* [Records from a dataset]
===============
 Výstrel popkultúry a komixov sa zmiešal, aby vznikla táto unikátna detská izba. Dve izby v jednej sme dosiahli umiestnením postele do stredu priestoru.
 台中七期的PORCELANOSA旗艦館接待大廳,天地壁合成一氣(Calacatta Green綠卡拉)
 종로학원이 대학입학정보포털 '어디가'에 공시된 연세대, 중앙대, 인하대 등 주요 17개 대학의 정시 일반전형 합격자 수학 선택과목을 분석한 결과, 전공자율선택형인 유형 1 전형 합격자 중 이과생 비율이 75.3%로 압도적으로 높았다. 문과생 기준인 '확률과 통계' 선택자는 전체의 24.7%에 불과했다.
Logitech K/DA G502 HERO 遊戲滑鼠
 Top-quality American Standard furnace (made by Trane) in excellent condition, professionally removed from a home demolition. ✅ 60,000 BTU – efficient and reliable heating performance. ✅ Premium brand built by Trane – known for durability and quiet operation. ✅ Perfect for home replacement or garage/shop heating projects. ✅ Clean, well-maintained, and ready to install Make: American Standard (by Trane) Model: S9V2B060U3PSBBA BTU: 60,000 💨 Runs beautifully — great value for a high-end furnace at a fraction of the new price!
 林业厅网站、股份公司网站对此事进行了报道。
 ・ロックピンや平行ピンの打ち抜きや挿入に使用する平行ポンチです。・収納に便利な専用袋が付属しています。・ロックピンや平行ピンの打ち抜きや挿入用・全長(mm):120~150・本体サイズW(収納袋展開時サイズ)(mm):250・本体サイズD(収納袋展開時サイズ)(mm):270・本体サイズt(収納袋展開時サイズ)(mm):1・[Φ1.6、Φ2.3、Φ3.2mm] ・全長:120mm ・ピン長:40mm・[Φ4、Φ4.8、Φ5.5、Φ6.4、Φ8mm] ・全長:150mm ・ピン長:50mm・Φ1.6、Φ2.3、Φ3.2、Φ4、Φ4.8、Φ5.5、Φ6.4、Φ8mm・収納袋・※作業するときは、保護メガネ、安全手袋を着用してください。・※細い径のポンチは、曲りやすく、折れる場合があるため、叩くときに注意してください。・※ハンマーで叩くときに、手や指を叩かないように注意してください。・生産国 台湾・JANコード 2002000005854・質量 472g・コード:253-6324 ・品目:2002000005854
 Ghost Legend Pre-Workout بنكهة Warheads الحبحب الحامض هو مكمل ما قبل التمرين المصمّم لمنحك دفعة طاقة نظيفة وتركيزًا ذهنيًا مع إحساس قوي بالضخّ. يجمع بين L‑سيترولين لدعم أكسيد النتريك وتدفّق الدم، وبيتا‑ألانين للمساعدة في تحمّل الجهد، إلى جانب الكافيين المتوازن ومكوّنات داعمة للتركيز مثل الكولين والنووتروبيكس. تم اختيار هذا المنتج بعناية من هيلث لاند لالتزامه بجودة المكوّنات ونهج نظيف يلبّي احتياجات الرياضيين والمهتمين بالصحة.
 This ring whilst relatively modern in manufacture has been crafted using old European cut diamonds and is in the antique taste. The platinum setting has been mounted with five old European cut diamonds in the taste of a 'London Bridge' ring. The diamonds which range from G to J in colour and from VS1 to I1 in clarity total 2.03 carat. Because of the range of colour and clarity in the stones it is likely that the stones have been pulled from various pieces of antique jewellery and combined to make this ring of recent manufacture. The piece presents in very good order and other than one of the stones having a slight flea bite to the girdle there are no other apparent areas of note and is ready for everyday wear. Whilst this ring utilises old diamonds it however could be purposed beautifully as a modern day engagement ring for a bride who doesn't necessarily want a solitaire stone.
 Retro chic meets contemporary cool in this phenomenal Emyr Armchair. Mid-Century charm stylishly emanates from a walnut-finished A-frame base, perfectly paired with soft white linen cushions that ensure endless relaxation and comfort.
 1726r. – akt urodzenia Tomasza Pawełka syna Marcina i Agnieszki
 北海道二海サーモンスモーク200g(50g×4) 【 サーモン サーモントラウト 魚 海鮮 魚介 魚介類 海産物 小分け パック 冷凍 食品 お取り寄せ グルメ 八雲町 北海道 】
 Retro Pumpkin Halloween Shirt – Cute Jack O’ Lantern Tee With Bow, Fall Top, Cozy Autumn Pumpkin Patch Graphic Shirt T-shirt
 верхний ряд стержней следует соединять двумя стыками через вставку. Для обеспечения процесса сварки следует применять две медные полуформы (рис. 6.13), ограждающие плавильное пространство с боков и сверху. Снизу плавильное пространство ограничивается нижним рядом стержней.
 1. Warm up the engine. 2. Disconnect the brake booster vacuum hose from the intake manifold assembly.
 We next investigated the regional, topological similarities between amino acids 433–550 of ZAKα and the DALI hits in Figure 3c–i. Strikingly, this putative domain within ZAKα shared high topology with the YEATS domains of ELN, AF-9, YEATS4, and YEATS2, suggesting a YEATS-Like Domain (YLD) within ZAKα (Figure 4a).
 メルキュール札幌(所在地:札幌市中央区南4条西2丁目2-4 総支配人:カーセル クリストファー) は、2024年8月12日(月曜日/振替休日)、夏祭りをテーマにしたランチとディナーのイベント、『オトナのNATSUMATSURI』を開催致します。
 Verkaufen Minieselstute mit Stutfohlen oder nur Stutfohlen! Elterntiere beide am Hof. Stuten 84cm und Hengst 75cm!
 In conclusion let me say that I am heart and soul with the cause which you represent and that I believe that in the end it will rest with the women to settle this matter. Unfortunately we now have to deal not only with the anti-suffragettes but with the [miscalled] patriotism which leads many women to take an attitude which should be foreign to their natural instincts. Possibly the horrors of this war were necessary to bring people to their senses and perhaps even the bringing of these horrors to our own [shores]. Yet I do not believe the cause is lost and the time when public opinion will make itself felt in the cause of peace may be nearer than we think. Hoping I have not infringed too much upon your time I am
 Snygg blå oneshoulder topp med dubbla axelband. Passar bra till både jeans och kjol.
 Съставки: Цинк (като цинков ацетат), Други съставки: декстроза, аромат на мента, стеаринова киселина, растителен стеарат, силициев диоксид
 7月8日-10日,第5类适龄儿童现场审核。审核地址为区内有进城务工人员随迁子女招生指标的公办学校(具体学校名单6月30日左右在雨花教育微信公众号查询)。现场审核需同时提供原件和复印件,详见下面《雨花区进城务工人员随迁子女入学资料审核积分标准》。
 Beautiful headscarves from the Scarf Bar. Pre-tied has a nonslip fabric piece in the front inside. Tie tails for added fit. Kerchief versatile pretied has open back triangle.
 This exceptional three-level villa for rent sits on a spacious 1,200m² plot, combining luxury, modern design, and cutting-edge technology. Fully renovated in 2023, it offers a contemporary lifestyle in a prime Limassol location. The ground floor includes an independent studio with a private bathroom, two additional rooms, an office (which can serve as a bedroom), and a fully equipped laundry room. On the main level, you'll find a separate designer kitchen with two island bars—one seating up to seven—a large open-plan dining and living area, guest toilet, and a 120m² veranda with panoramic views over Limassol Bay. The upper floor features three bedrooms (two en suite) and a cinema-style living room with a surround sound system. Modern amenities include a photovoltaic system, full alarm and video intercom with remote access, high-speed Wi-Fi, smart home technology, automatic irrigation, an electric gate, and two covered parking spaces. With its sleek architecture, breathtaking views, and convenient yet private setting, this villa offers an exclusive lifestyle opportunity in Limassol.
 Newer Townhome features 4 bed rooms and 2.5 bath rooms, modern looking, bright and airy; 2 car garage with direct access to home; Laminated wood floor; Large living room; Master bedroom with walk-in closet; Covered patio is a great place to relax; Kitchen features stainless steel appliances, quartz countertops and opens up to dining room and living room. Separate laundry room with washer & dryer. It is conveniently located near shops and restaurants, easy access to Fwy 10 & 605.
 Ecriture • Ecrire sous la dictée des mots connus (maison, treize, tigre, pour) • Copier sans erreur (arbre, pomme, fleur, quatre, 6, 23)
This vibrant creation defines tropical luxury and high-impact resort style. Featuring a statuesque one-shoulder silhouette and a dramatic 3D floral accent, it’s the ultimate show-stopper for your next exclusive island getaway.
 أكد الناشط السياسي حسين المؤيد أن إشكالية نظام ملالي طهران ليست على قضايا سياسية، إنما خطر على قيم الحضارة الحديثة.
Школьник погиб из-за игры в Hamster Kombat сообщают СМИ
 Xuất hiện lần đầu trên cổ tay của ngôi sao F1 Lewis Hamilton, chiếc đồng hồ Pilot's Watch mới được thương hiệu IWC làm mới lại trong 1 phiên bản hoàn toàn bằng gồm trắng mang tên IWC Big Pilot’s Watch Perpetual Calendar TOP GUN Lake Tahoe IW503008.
===============
* [WHAT IS REQUIRED] Once you reach the line with "台中七期的PORCELANO" in the data above, copy it and every line after it exactly, up to and including the line with "Logitech K/DA G502 HERO 遊戲滑鼠".

* [REPLY TO THE TASK]
 台中七期的PORCELANOSA旗艦館接待大廳,天地壁合成一氣(Calacatta Green綠卡拉)
 종로학원이 대학입학정보포털 '어디가'에 공시된 연세대, 중앙대, 인하대 등 주요 17개 대학의 정시 일반전형 합격자 수학 선택과목을 분석한 결과, 전공자율선택형인 유형 1 전형 합격자 중 이과생 비율이 75.3%로 압도적으로 높았다. 문과생 기준인 '확률과 통계' 선택자는 전체의 24.7%에 불과했다.
Logitech K/DA G502 HERO 遊戲滑鼠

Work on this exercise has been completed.